Task details:
Make an exact copy of the entries, and keep any pictures out of it.

------------------------------------------------

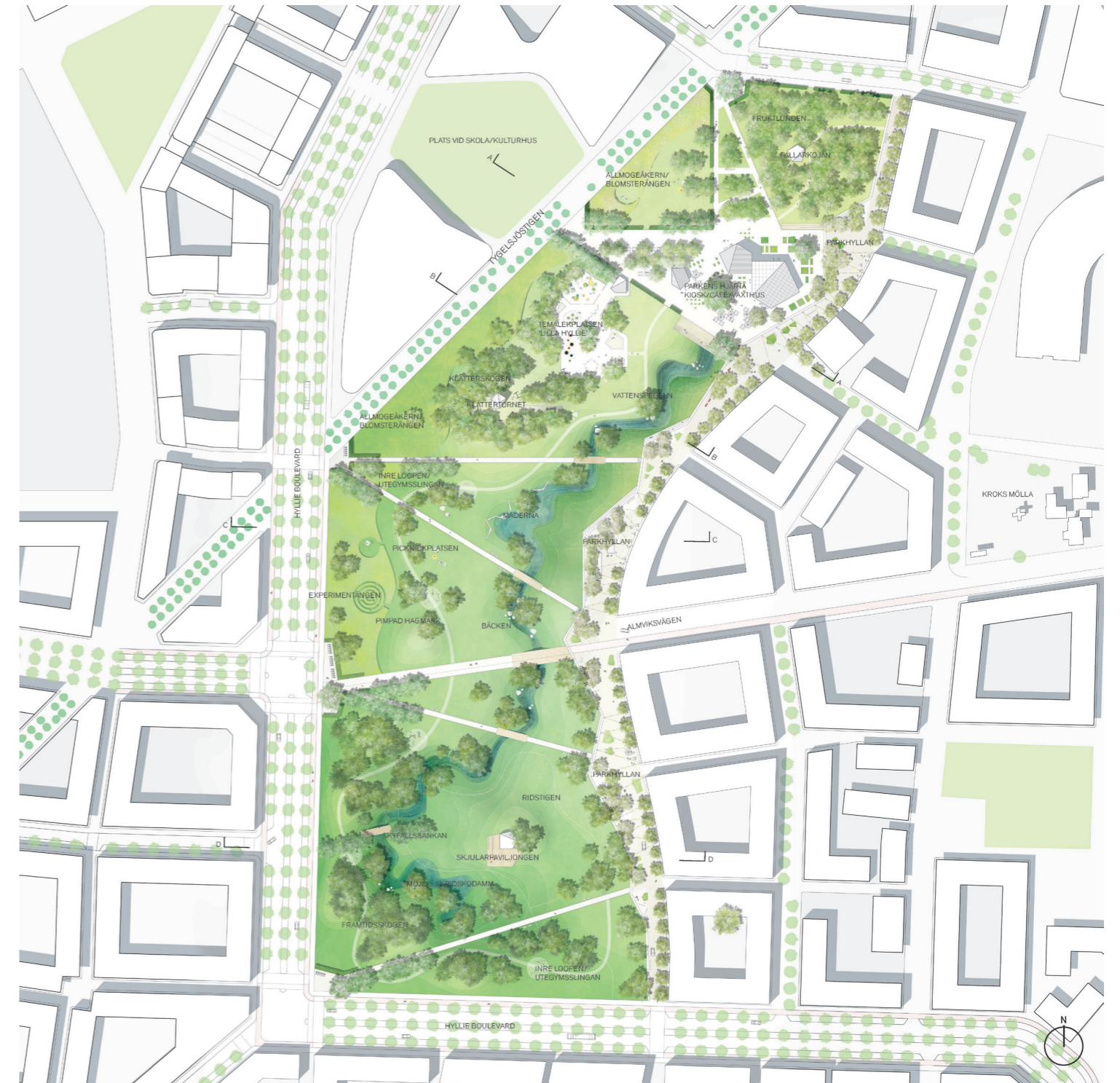
Situationsplan över parken med omgivande kvarter. Här syns Parkens hjärta med växthuset längst i norr. Strax söder om detta ligger temalekplatsen och klätterskogen. Längst söderut ligger framtidsskogen och skyfallssänkan. Dagvattenstråket går att följa genom hela parken Site plan of the park with the surrounding quarter, showing the heart of the park with the greenhouse to the north. Immediately south of this lies the theme area and climbing woods. To the far south lies the future forest and the cloudburst reservoir. The rainwater stream runs through the entire park

Tävlingen genomfördes i två steg. I början av 2018 lämnades 24 prekvalificeringar in, varav fyra team valdes ut att tävla om förstapriset. Den 28 augusti 2018 annonserades det vinnande förslaget ”Framtidens park är aldrig färdig” framtaget av Nyréns Arkitektkon-
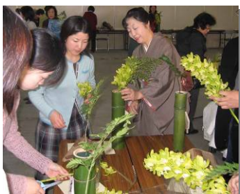
左京区民正月いけ花教室
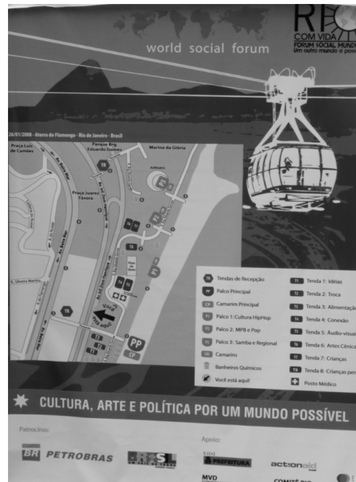
Journée d'action du FSM à Rio de Janeiro

15 personnes les plus proches, on ne pouvait pas entendre le contenu des discussions. Au final, les 10 000 participants annoncés par la presse brésilienne ont assisté à un événement qui ressemblait plus à une foire artisanale qu'à une journée d'action du FSM !!!!

------------------------------------------------

Response to the exercise:
Situationsplan över parken med omgivande kvarter. Här syns Parkens hjärta med växthuset längst i norr. Strax söder om detta ligger temalekplatsen och klätterskogen. Längst söderut ligger framtidsskogen och skyfallssänkan. Dagvattenstråket går att följa genom hela parken Site plan of the park with the surrounding quarter, showing the heart of the park with the greenhouse to the north. Immediately south of this lies the theme area and climbing woods. To the far south lies the future forest and the cloudburst reservoir. The rainwater stream runs through the entire park

Tävlingen genomfördes i två steg. I början av 2018 lämnades 24 prekvalificeringar in, varav fyra team valdes ut att tävla om förstapriset. Den 28 augusti 2018 annonserades det vinnande förslaget ”Framtidens park är aldrig färdig” framtaget av Nyréns Arkitektkon-
左京区民正月いけ花教室
Journée d'action du FSM à Rio de Janeiro

15 personnes les plus proches, on ne pouvait pas entendre le contenu des discussions. Au final, les 10 000 participants annoncés par la presse brésilienne ont assisté à un événement qui ressemblait plus à une foire artisanale qu'à une journée d'action du FSM !!!!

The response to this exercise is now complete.